Hi Paul,

as an LVM user without deeper knowledge, stumbled upon your question without
any reply yet, and my fear was to run into the same when updating lvm2.

On 5/17/19 2:26 PM, Paul Colquhoun wrote:
> Recently I found that new kernels were not booting for me, because they could 
> not assemble the LVM partition that I use for the root filesystem.
> 
> Booting back to my old kernel still worked.
> 
> I have tracked this back to the lvm2 version.
> 
> After booting with the old kernel, I ran lvm and tried the 'fullreport' 
> command.
> 
> sys-fs/lvm2-2.02.184-r3 gives an error:
> 
> lvm> fullreport 
>  LV root invalid: visible raid meta LV for raid1 segment 
>  LV root invalid: visible raid meta LV for raid1 segment 
>  Internal error: LV segments corrupted in root.

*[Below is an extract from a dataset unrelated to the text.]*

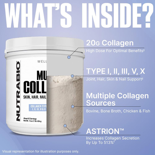Descubra o segredo da beleza radiante e da saúde sólida com o pó de peptídeos multicolágeno NutraBio, um pó de colágeno hidrolisado premium que promove o brilho do cabelo e da pele, promove a saúde das articulações e dos ossos e melhora a força e o crescimento das unhas; feita com colágeno e proteína em pó, esta fórmula poderosa é perfeita para mulheres e homens, oferecendo 20 porções de puro bem-estar em cada recipiente. – Transforme sua rotina de beleza com colágeno e proteína em pó que promovem uma pele radiante, cabelos mais fortes e unhas mais saudáveis, tornando-os um complemento perfeito para quem procura uma aparência radiante e bem-estar geral. – Aproveite a versatilidade do pó de colágeno sem sabor que se mistura facilmente com suas bebidas ou receitas favoritas, permitindo que você melhore sua nutrição sem alterar o sabor das refeições. – Aproveite os benefícios de melhorar a saúde e a mobilidade das articulações, pois nossa fórmula premium apóia seu estilo de vida ativo e ajuda você a se manter ágil e sem dor o dia todo. – Melhore seu regime diário de bem-estar com um produto desenvolvido para mulheres e homens, garantindo que todos possam desfrutar dos benefícios notáveis de nossa fórmula rica em colágeno. – Apoiamos nosso produto com uma garantia de 100% de satisfação; se você não estiver completamente satisfeito com nossos peptídeos de colágeno sem sabor, basta nos informar para obter um reembolso total.

Searching the web with parts of this error messages leads me to this commit:
https://github.com/lvmteam/lvm2/commit/dd5716ddf258c4a44819fa90d3356833ccf767b4

While I have no idea about "visible SubLVs", maybe that commit message can
tell something to you?

> 
> After backing out to an earlier version, sys-fs/lvm2-2.02.183
> the 'fullreport' actually gives a report.
> 
> I'm assuming the only reason the old kernel boots is that it has the older 
> lvm 
> in the initramfs, and once assembled the handover to the live system still 
> works.
> 
> I can't find anything online that looks like the same thing to me, so I was 
> wondering if anyone here had encountered a similar problem?
> 
> The next step is to try and find how to update the on-disk lvm meta data so 
> the 
> later versions understand it, hopefully without having to rebuild my system 
> from scratch.

As far as I understand, this doesn't seem like a metadata format _change_, but
a rare metadata consistency problem that goes unnoticed by the older version.